# 1. Elsass Bike - Marathon in den Vogesen



## Pierre67 (10. Februar 2015)

Am 4. und 5. July 2015 findet die 1. Ausgabe der Elsass'Bike statt.








Anspruchsvolle Marathon Strecke, ohne Zeiterfassung, 3 Distanzen und 2 Formeln :
- Elsass'Bike Challenge : 90 km (2175 Hm) nur am Sonntag,
- Elsass'Bike Marathon : 110km (2911 Hm) in ein oder zwei Tage ,
- Elsass'Bike Ultra : 130 km (3138 Hm) in ein oder zwei Tage .
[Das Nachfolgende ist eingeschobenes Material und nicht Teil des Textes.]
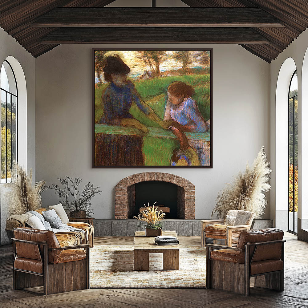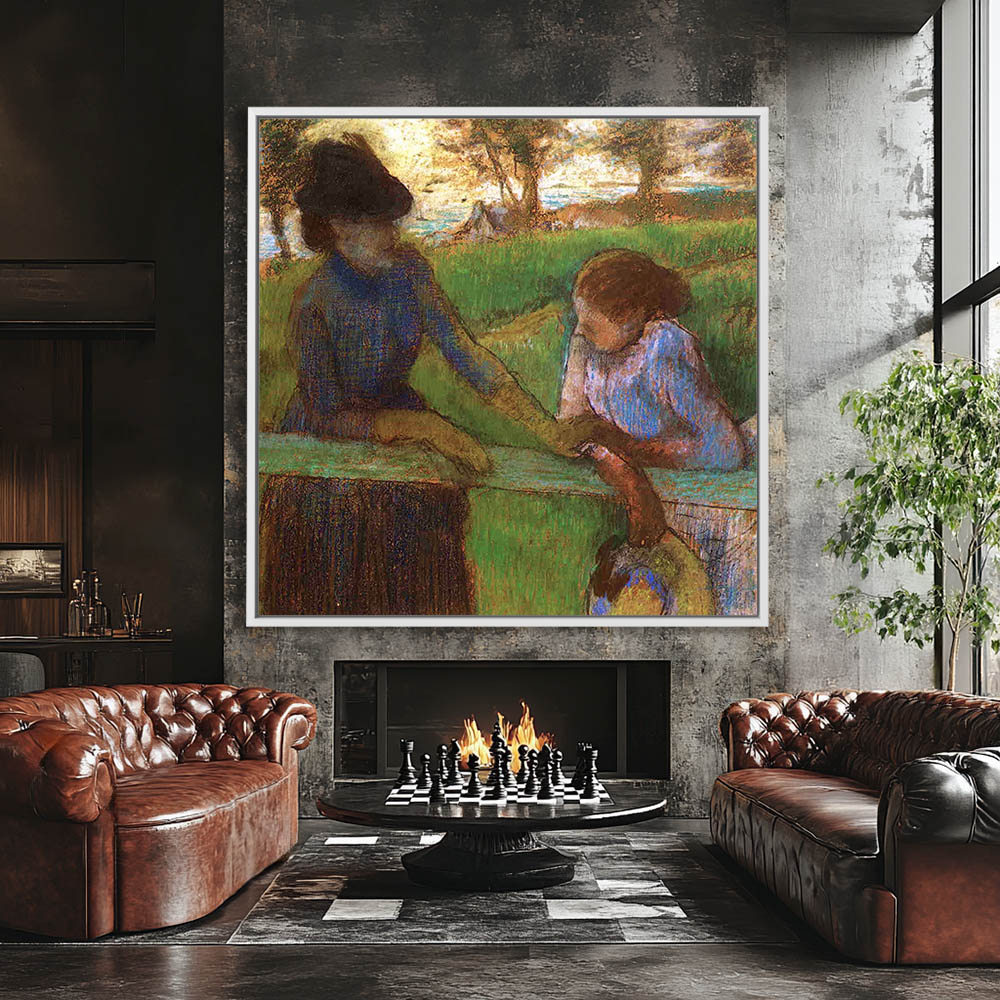 Woman and a young girl lean forward against a fence in conversation, the young girl with her hat in hand and the woman with her hand resing on the the girls arm.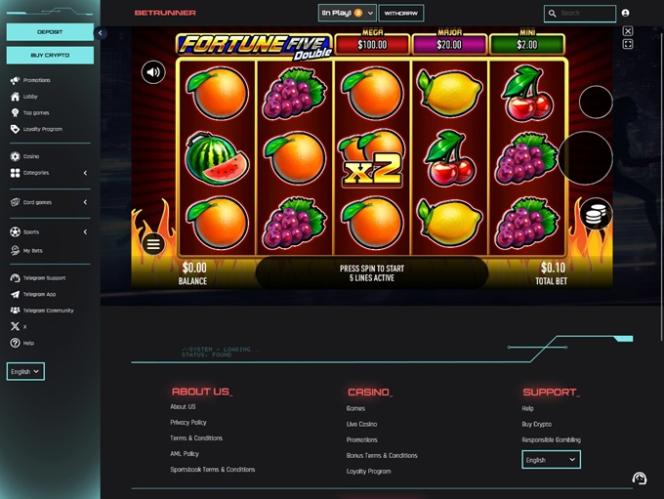 O Betrunner Casino é um site de jogos de azar voltado para criptomoedas, com uma ampla oferta de jogos e atividades de cassino para seus jogadores, incluindo caça-níqueis com dinheiro real, jogos com crupiês ao vivo, jogos de mesa, jogos de crash e apostas esportivas. A marca rapidamente conquistou a atenção dos jogadores devido à sua dedicação em oferecer bônus e promoções vantajosas e construir uma comunidade enorme por meio de sua presença ativa nas redes sociais e no cenário de jogos de azar.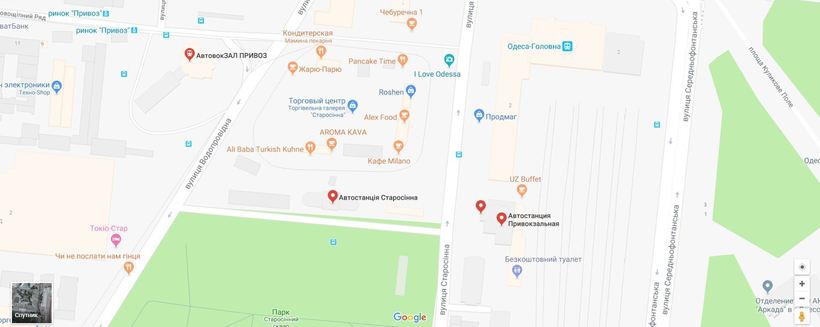 Один из автобусов прибывает на автостанцию Привоз. Её тоже видно на карте, она расположена на соседней улице. Все автобусы под эгидой Ecolines объединяет следующее: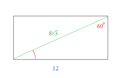 Вычисли меньшую сторону и площадь прямоугольника, если его большая сторона равна 12 дм, диагональ равна 8√3 дм и образует с меньшей стороной угол 60 градусов. Меньшая сторона = −−−−−√ дм. Площадь прямоугольника равна −−−−−−−√ дм2. (Если необходимо, ответы округли до сотых.)

Ab Wangenbourg , 1/2 Stunden westlich von Straßburg, im Herzen der elsässischen Vogesen .
Technische Strecke, spielerisch , schöne Landschaften im Land .. der Singletracks. Die Strecke wurde diesen Winter anerkennt und enthaltet etwa 65% Singletracks.
Unterkunft Möglichkeit.
Verpflegung auf der Strecke und Top Organisation durch den Verein Cyclo -Club Wasselonne
Komplette Informationen und Anmeldung auf http://www.elsassbike.fr (z.Z. im Aufbau).
Weitere Infos auf https://www.facebook.com/elsassbike67

Ich gehöre zu Organisation und würde mich freuen Ihre Fragen zu beantworten


----------



## chkimsim (11. Februar 2015)

Habe mir gerade mal mit meinen rudimentären Französischkenntnissen die Web-Seite angeschaut - klingt ja ganz spannend, ein paar mehr Informationen über die Strecken wären natürlich hilfreich. Was sich mir aber überhaupt noch nicht erschliesst ist der 1 oder 2 Tage Modus. Könntest du dies vielleicht etwas genauer erklären?

Gruss

Christian


----------



## MTB-News.de




----------



## Pierre67 (11. Februar 2015)

Also das mit den verschidenen "Formeln" funktioniert folgender Weise :
- die 90 km Strecke wird nur am Sonntag 5. July angeboten
- die 110 und 130 km Strecken können auch am Sonntag 5. July komplett gefahren werden
- die jenigen für die die 110 und 130 km in einem Tag zu viel ist haben die Möglickeit es in 2 Tage aufzuteilen, etwa die Helfte am Samstag den 4. July und die andere Helfte am Sonntag

Gruss
Pierre


----------



## Pierre67 (14. Februar 2015)

und hier eine Vorschau von der 130 km Strecke


----------



## Twenty-1 (15. Februar 2015)

@Pierre67 , wie habe ich mir das mit der Aufteilung auf die 2 Tage vorzustellen? Muss ich im Voraus planen, wieviel ich am jeweiligen Tag fahren will? Und wie läuft es dann ggf. mit dem Materialtransport? Oder "muss" ich meine Sachen komplett mitführen? Kannst Du das etwas ausführlicher erläutern? Meine französischen Sprachkenntnisse sind dann leider doch etwas zu bescheiden. Danke vorab!


----------



## Pierre67 (15. Februar 2015)

Twenty-1 schrieb:


> @Pierre67 , wie habe ich mir das mit der Aufteilung auf die 2 Tage vorzustellen? Muss ich im Voraus planen, wieviel ich am jeweiligen Tag fahren will? Und wie läuft es dann ggf. mit dem Materialtransport? Oder "muss" ich meine Sachen komplett mitführen? Kannst Du das etwas ausführlicher erläutern?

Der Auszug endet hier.